TRY IT: Lines from the beginning of the material below through the line that has "출제기준 다운로드(아래 링크) 경영정보 시각화능력시험은" are to be reproduced exactly, but pictures are not.

RECORDED DATA:
******

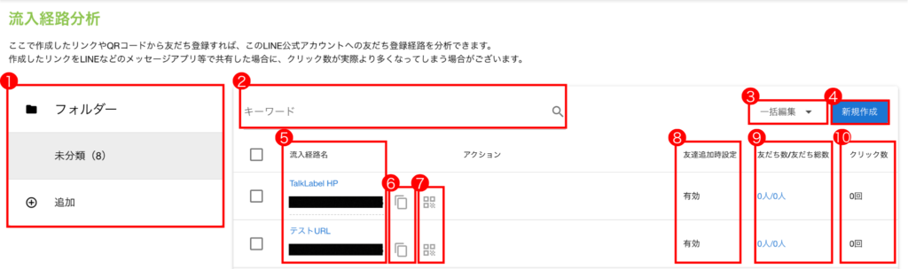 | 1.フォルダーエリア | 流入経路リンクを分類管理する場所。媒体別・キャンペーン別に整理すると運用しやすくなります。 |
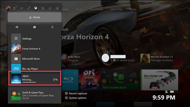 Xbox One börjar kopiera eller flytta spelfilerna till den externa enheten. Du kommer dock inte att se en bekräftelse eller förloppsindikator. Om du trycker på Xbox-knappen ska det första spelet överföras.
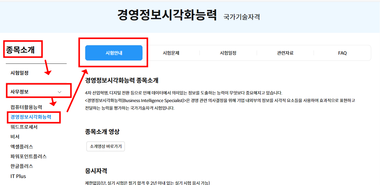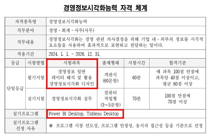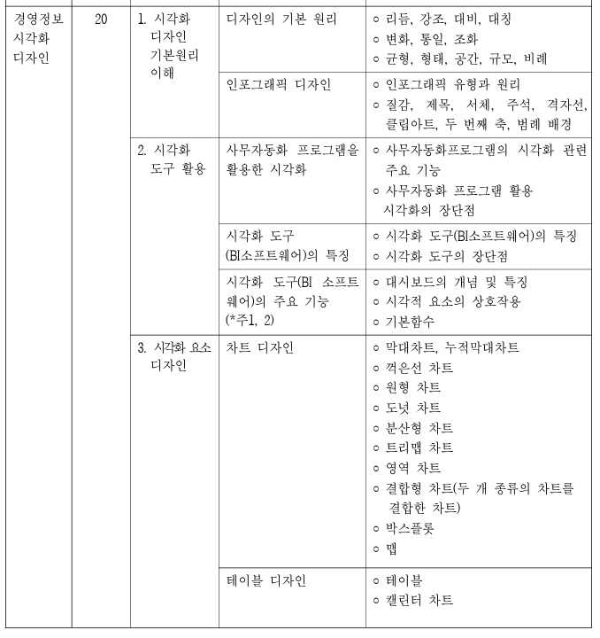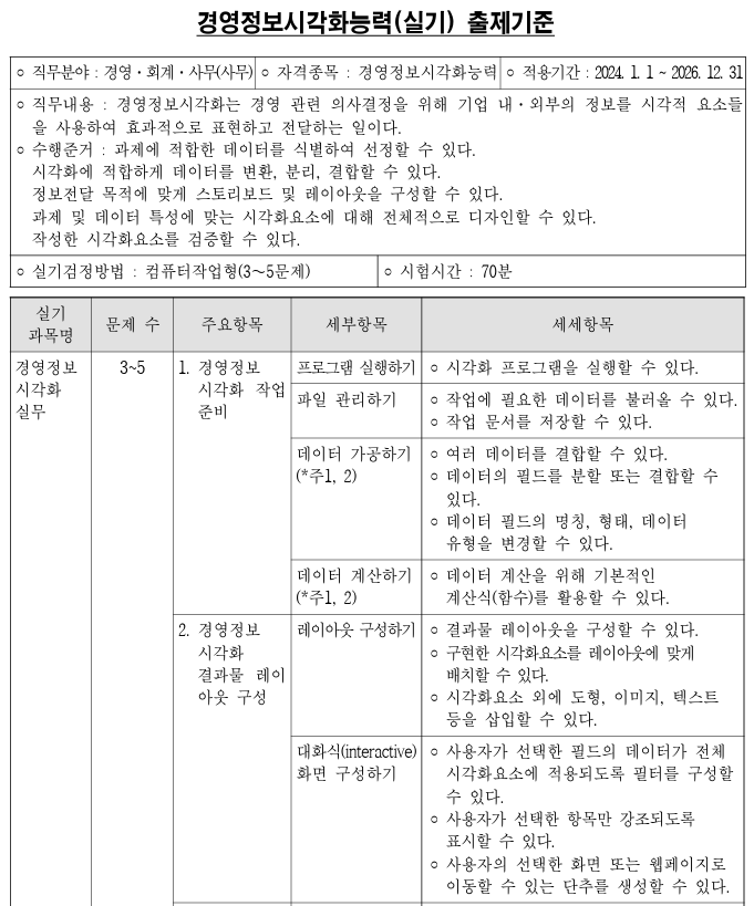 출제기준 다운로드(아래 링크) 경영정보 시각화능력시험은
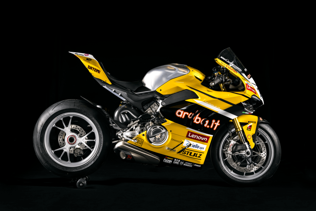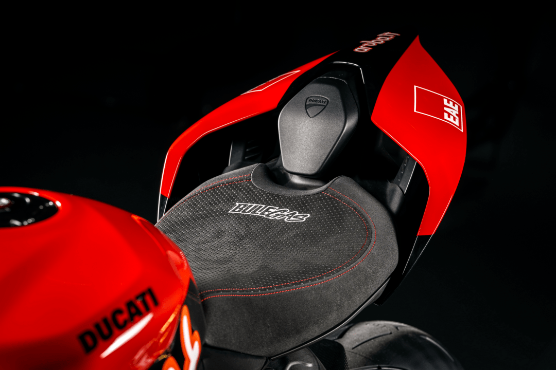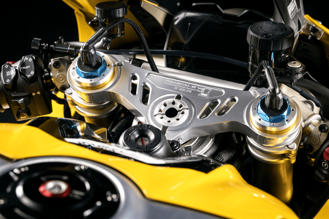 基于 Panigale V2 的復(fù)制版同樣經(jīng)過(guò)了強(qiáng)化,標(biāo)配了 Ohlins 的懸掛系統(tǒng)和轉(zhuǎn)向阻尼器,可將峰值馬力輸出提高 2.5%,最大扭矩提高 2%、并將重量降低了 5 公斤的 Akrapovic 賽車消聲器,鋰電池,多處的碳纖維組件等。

******

EXPECTED ANSWER:
 | 1.フォルダーエリア | 流入経路リンクを分類管理する場所。媒体別・キャンペーン別に整理すると運用しやすくなります。 |
 Xbox One börjar kopiera eller flytta spelfilerna till den externa enheten. Du kommer dock inte att se en bekräftelse eller förloppsindikator. Om du trycker på Xbox-knappen ska det första spelet överföras.
 출제기준 다운로드(아래 링크) 경영정보 시각화능력시험은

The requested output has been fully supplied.